EXERCISE INPUT:
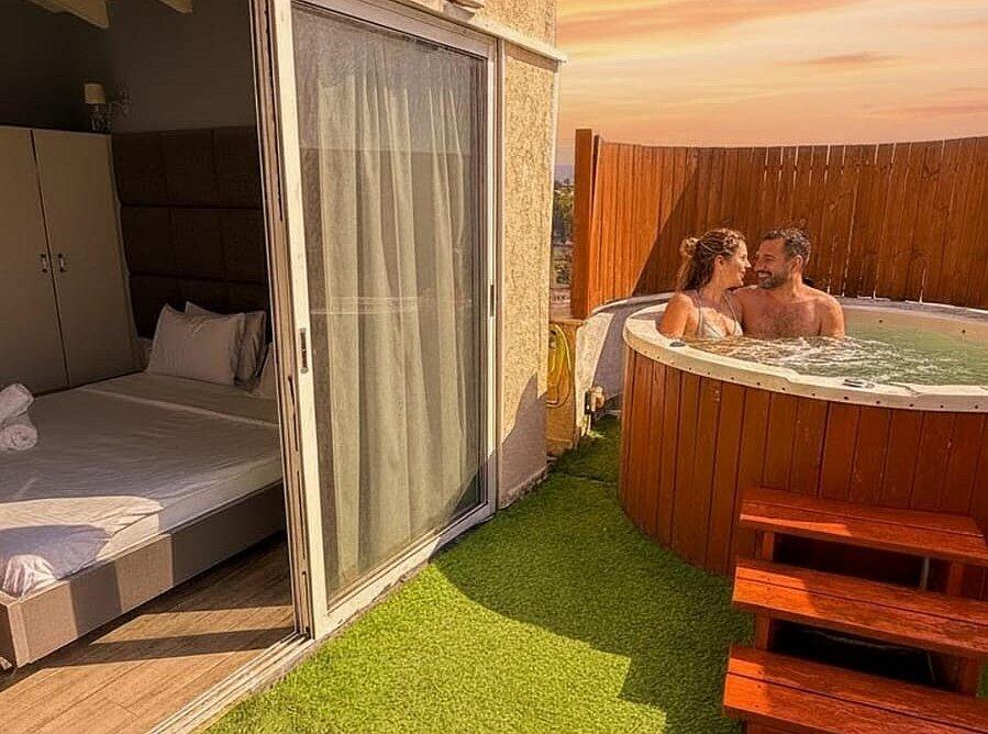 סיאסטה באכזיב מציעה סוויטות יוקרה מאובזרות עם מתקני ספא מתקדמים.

* * *

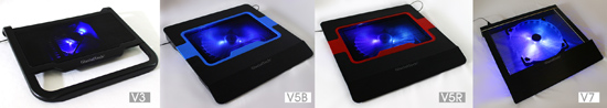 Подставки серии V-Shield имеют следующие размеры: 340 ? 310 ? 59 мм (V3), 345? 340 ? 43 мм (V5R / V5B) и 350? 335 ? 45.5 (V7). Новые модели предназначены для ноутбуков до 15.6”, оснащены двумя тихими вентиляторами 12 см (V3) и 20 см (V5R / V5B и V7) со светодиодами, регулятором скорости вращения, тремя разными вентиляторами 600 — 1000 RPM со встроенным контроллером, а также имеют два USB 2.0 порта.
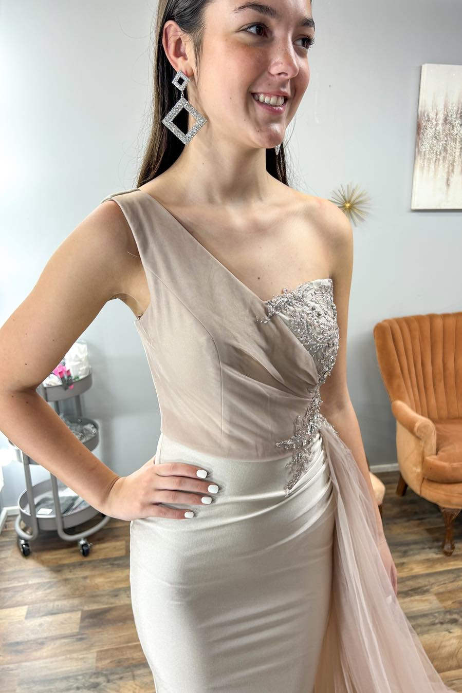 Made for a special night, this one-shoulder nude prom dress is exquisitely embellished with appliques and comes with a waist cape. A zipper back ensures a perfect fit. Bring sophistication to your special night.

==

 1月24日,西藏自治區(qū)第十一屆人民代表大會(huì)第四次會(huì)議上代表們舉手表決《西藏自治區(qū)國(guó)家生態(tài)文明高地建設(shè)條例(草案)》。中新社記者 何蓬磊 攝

WHAT NEEDS TO BE DONE:
From the data above, return exactly the lines from the one with "Подставки серии V-Shield" up to and including the one with "Made for a special". Pictures do not go in the copy.

TASK ANSWER:
 Подставки серии V-Shield имеют следующие размеры: 340 ? 310 ? 59 мм (V3), 345? 340 ? 43 мм (V5R / V5B) и 350? 335 ? 45.5 (V7). Новые модели предназначены для ноутбуков до 15.6”, оснащены двумя тихими вентиляторами 12 см (V3) и 20 см (V5R / V5B и V7) со светодиодами, регулятором скорости вращения, тремя разными вентиляторами 600 — 1000 RPM со встроенным контроллером, а также имеют два USB 2.0 порта.
 Made for a special night, this one-shoulder nude prom dress is exquisitely embellished with appliques and comes with a waist cape. A zipper back ensures a perfect fit. Bring sophistication to your special night.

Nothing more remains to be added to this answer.